- [Task brief] Your reply should be the whole listing, copied exactly, with the pictures left out.

(Dataset section Opens)

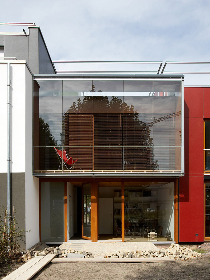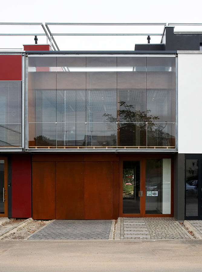 Unsere intensive Prüfung einer geeigneten Lage, Ausrichtung und Größe des Grundstücks, der Beschäftigung mit kleinen/großen Raum-, schweren/leichten Gebäudekonzepten in 2003 - 2004 führte zu einem kostengünstigen, ressourcenschonenden und zeitgemäßen Typ eines Reihenhauses. Das Haus kann ohne nennenswerte Veränderungen als Wohnhaus umgenutzt werden.
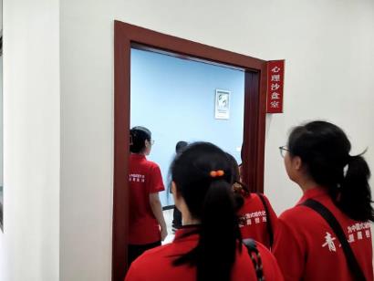 以心育心,护航成长。在图书信息中心,实践队参观配备多名专业心理老师以及音乐放松室、心理沙盘室、心理宣泄室等多个功能室的学生发展指导中心。莫燕玲老师介绍道:“每天下午放学到晚上十点晚自习结束之前的这段时间,是心理健康中心最热闹的时候。”实践队师生深刻体会到,大中小学心理健康教育一体化是德育一体化的产物,是思政一体化的基础。对莘莘学子心理健康的深切关怀与细致呵护,是教育教学的重要方面,也为校园增添了一道亮丽的风景线。有志成为思政课教师的王心睿同学认为,今后走上工作岗位,不仅要努力把思政课讲深讲透讲活,也要时刻关注学生的心理健康,为他们的成长之路保驾护航。
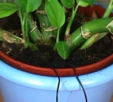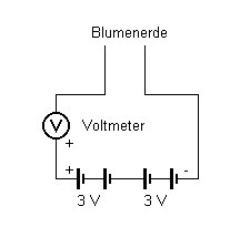 Wenn du schon einige Versuche mit deinem Baukasten durchgeführt hast, wird es dich sicher wundern, wie hier das Voltmeter angeschlossen wird. Tatsächlich wird es wie ein Amperemeter verwendet. Das Voltmeter in deinem Schaltpult hat einen Innenwiderstand von 20 Kiloohm. Bei Vollausschlag fließt deshalb ein Strom von 0,5 Milliampere durch das Gerät. Der Messbereich ist also 1000 mal kleiner als der des Amperemeters in deinem Baukasten. Das ist für diesen Versuch wichtig, weil nur wenig Strom durch die Blumenerde fließt. Wie es funktioniert, kannst du am Computer untersuchen.

(Dataset section Closes)

- [Task response]
 Unsere intensive Prüfung einer geeigneten Lage, Ausrichtung und Größe des Grundstücks, der Beschäftigung mit kleinen/großen Raum-, schweren/leichten Gebäudekonzepten in 2003 - 2004 führte zu einem kostengünstigen, ressourcenschonenden und zeitgemäßen Typ eines Reihenhauses. Das Haus kann ohne nennenswerte Veränderungen als Wohnhaus umgenutzt werden.
 以心育心,护航成长。在图书信息中心,实践队参观配备多名专业心理老师以及音乐放松室、心理沙盘室、心理宣泄室等多个功能室的学生发展指导中心。莫燕玲老师介绍道:“每天下午放学到晚上十点晚自习结束之前的这段时间,是心理健康中心最热闹的时候。”实践队师生深刻体会到,大中小学心理健康教育一体化是德育一体化的产物,是思政一体化的基础。对莘莘学子心理健康的深切关怀与细致呵护,是教育教学的重要方面,也为校园增添了一道亮丽的风景线。有志成为思政课教师的王心睿同学认为,今后走上工作岗位,不仅要努力把思政课讲深讲透讲活,也要时刻关注学生的心理健康,为他们的成长之路保驾护航。
 Wenn du schon einige Versuche mit deinem Baukasten durchgeführt hast, wird es dich sicher wundern, wie hier das Voltmeter angeschlossen wird. Tatsächlich wird es wie ein Amperemeter verwendet. Das Voltmeter in deinem Schaltpult hat einen Innenwiderstand von 20 Kiloohm. Bei Vollausschlag fließt deshalb ein Strom von 0,5 Milliampere durch das Gerät. Der Messbereich ist also 1000 mal kleiner als der des Amperemeters in deinem Baukasten. Das ist für diesen Versuch wichtig, weil nur wenig Strom durch die Blumenerde fließt. Wie es funktioniert, kannst du am Computer untersuchen.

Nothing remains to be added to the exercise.